WORK REQUIRED
A faithful copy is required: transcribe each line below exactly, minus the pictures.

DATA SHOWN
---+---
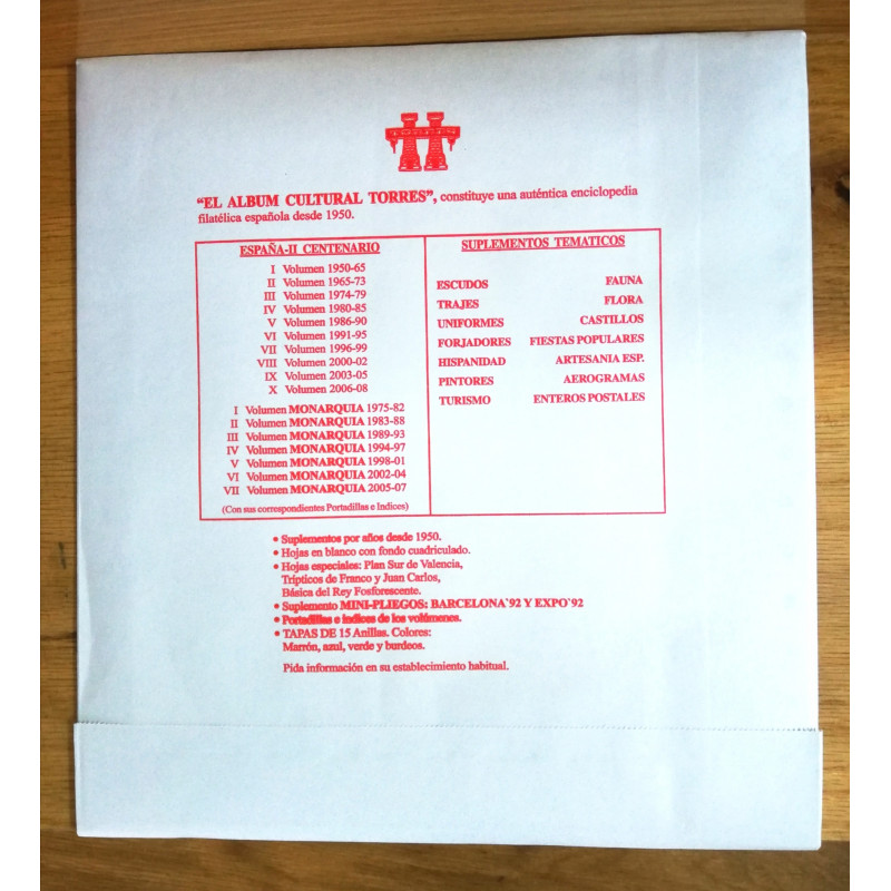 Suplemento Año completo de Torres para todos los sellos, hojas bloque, entero postales, hojas prueba y homenaje filatelico .
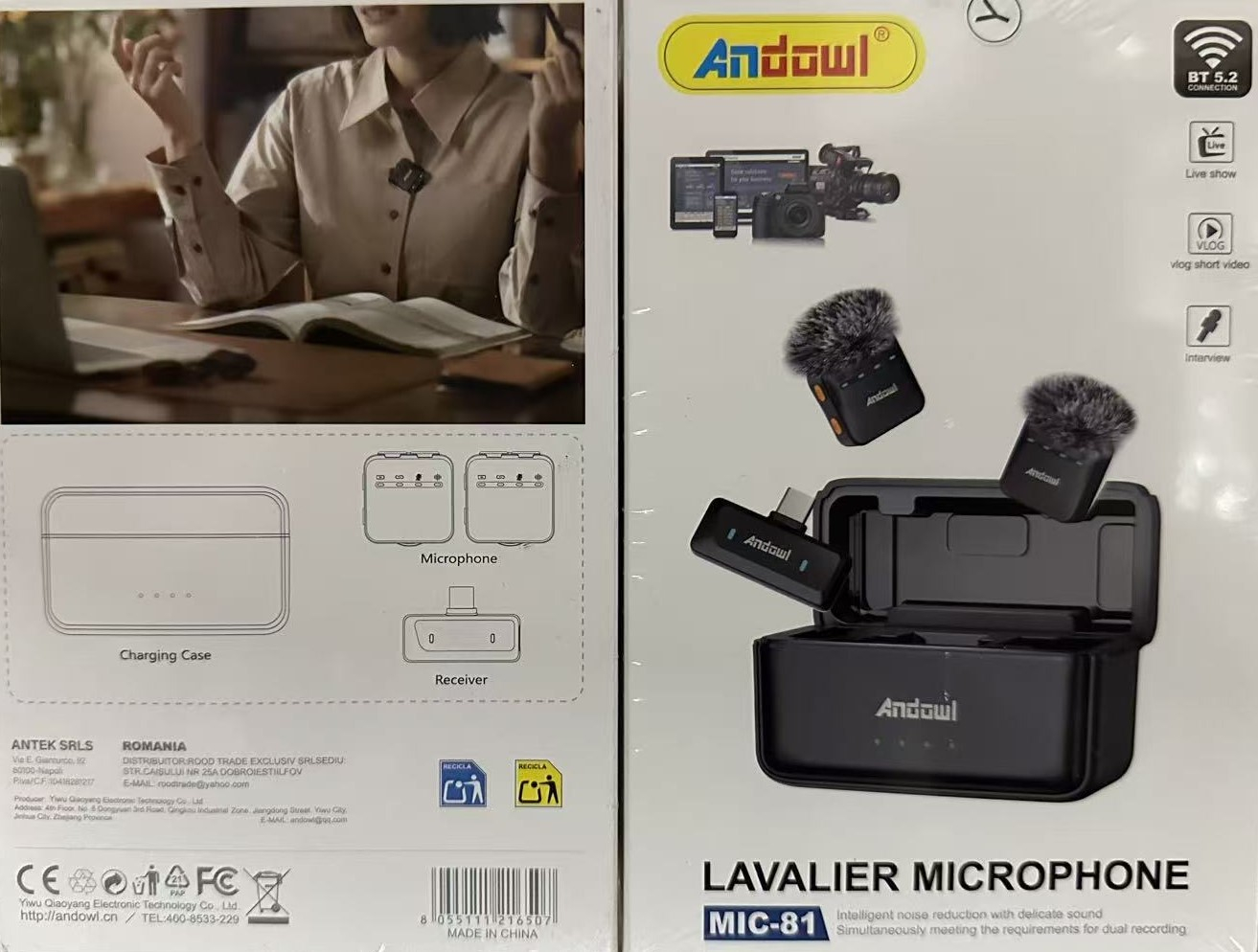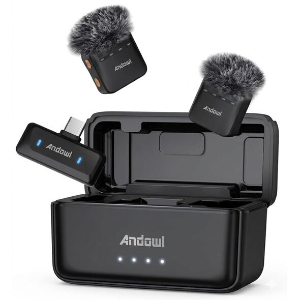 Σετ 2 Ασύρματα Μικρόφωνα Πέτου levalier με Δέκτη & Θήκη Φόρτισης - Andowl
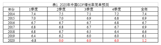 基于此,我们可以做一个简单的预测(如表1所示),2020年中国GDP增长率是多少?《世界经济展望报告》预测2020年GDP增长率为1.2%,基本就是2季度零增长,3、4季度维持2019年的增长率。
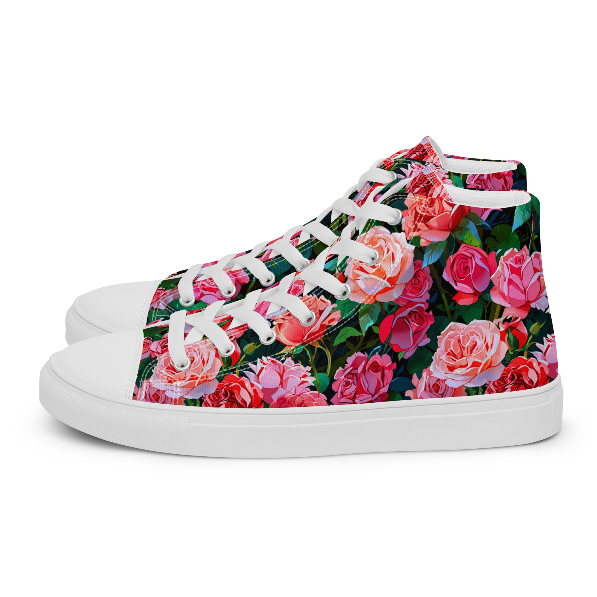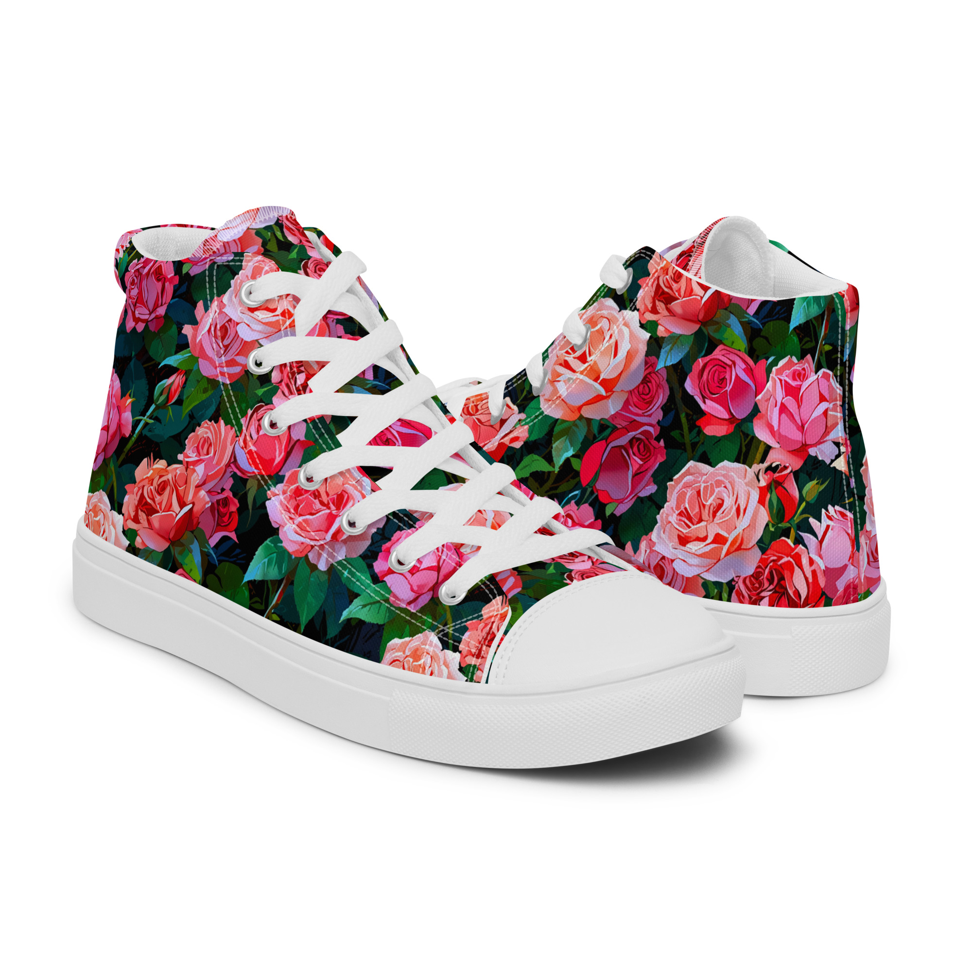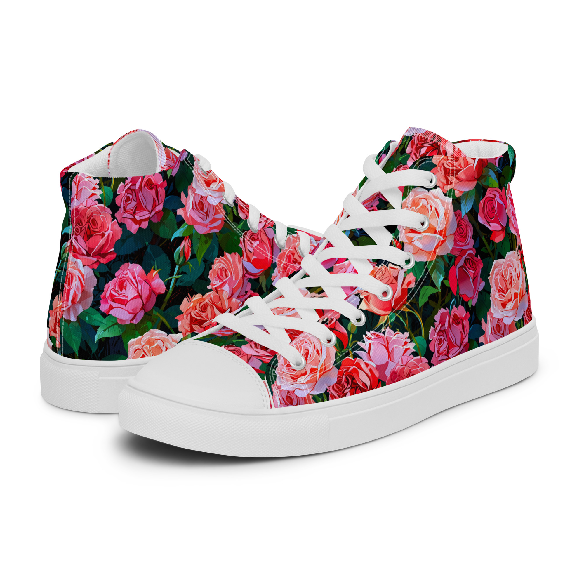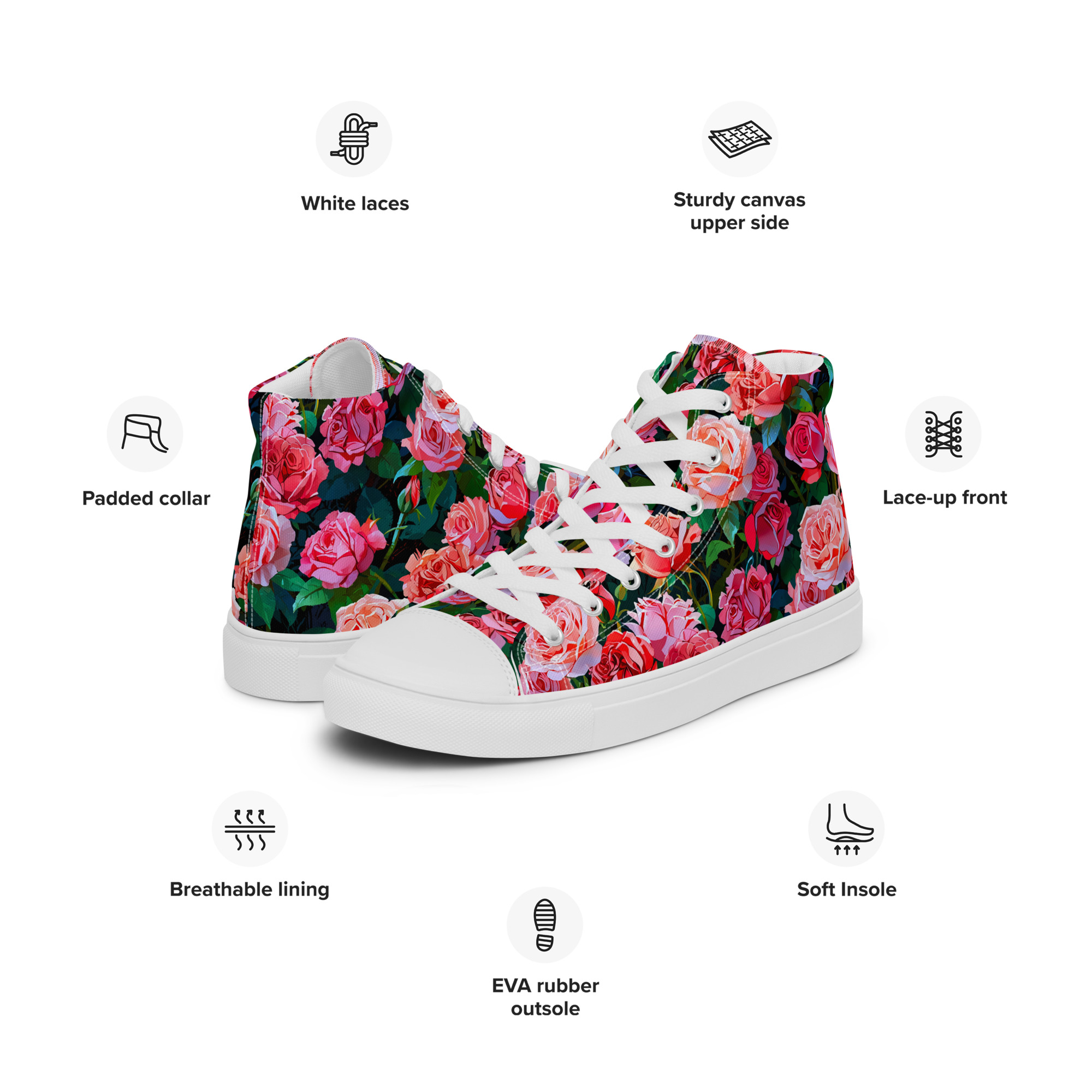 Remember to pamper your feet! The timeless and fashionable Wonderful Roses Canvas Shoes are a perfect addition to your collection. Crafted with a 100% polyester canvas upper and a light EVA rubber sole, they offer dependable comfort. Plus, the faux leather toe cap and reinforced construction ensure they maintain their shape and last longer.
---+---
RESULT OF THIS TASK
 Suplemento Año completo de Torres para todos los sellos, hojas bloque, entero postales, hojas prueba y homenaje filatelico .
 Σετ 2 Ασύρματα Μικρόφωνα Πέτου levalier με Δέκτη & Θήκη Φόρτισης - Andowl
 基于此,我们可以做一个简单的预测(如表1所示),2020年中国GDP增长率是多少?《世界经济展望报告》预测2020年GDP增长率为1.2%,基本就是2季度零增长,3、4季度维持2019年的增长率。
 Remember to pamper your feet! The timeless and fashionable Wonderful Roses Canvas Shoes are a perfect addition to your collection. Crafted with a 100% polyester canvas upper and a light EVA rubber sole, they offer dependable comfort. Plus, the faux leather toe cap and reinforced construction ensure they maintain their shape and last longer.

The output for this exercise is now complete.